Protein interactions in the murine cytomegalovirus capsid revealed by cryoEM.
10.1007/s13238-013-3060-7
- Author:
Wong H HUI
1
;
Qiyi TANG
;
Hongrong LIU
;
Ivo ATANASOV
;
Fenyong LIU
;
Hua ZHU
;
Z Hong ZHOU
Author Information
1. The California NanoSystems Institute (CNSI), University of California, Los Angeles (UCLA), Los Angeles, CA, 90095, USA.

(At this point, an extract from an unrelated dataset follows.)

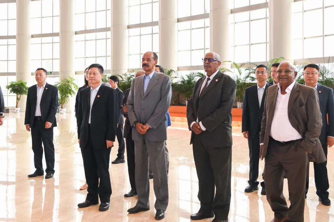 東方電氣科技展示廳前,東方電氣青年代表排列整齊,熱情揮舞著中厄兩國國旗,熱烈表達著對伊薩亞斯一行的歡迎之情。
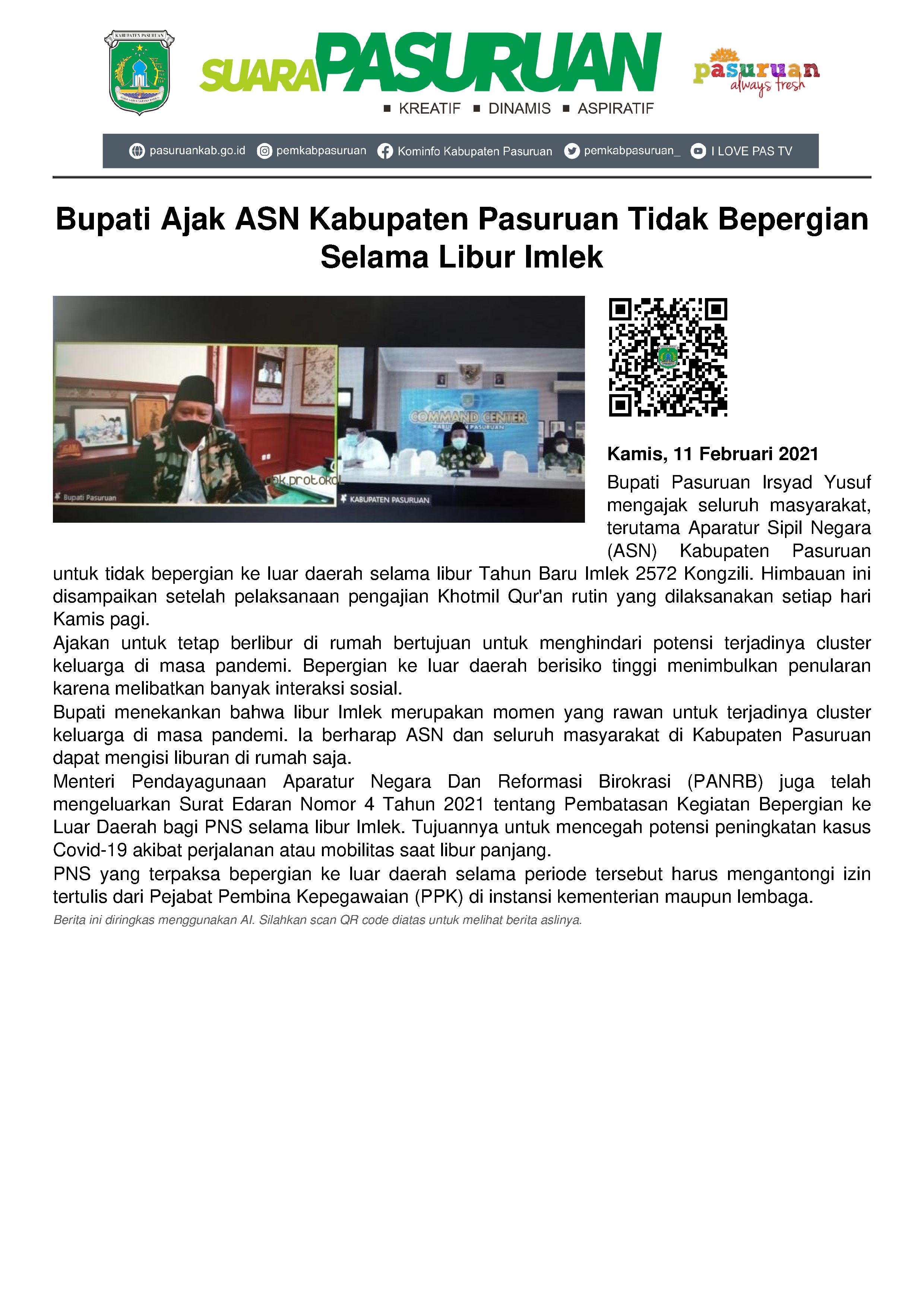 “Kami harapkan kepada seluruh masyarakat terutama ASN Kabupaten Pasuruan agar mengisi liburan di rumah saja. Tidak bepergian ke luar kota selama libur Imlek. Karena itu sangat rawan menimbulkan cluster keluarga di masa pandemi", himbau Bupati.

- Publication Type:Journal Article
- MeSH:
Amino Acid Sequence;
Capsid Proteins;
chemistry;
metabolism;
ultrastructure;
Cryoelectron Microscopy;
Models, Molecular;
Molecular Sequence Data;
Muromegalovirus;
chemistry;
ultrastructure;
Protein Binding;
Protein Multimerization;
Protein Structure, Quaternary;
Protein Structure, Tertiary
- From:
Protein & Cell
2013;4(11):833-845
- CountryChina
- Language:English
-
Abstract:
Cytomegalovirus (CMV) is distinct among members of the Herpesviridae family for having the largest dsDNA genome (230 kb). Packaging of large dsDNA genome is known to give rise to a highly pressurized viral capsid, but molecular interactions conducive to the formation of CMV capsid resistant to pressurization have not been described. Here, we report a cryo electron microscopy (cryoEM) structure of the murine cytomegalovirus (MCMV) capsid at a 9.1 Å resolution and describe the molecular interactions among the ∼3000 protein molecules in the MCMV capsid at the secondary structure level. Secondary structural elements are resolved to provide landmarks for correlating with results from sequence-based prediction and for structure-based homology modeling. The major capsid protein (MCP) upper domain (MCPud) contains α-helices and β-sheets conserved with those in MCPud of herpes simplex virus type 1 (HSV-1), with the largest differences identified as a "saddle loop" region, located at the tip of MCPud and involved in interaction with the smallest capsid protein (SCP). Interactions among the bacteriophage HK97-like floor domain of MCP, the middle domain of MCP, the hook and clamp domains of the triplex proteins (hoop and clamp domains of TRI-1 and clamp domain of TRI-2) contribute to the formation of a mature capsid. These results offer a framework for understanding how cytomegalovirus uses various secondary structural elements of its capsid proteins to build a robust capsid for packaging its large dsDNA genome inside and for attaching unique functional tegument proteins outside.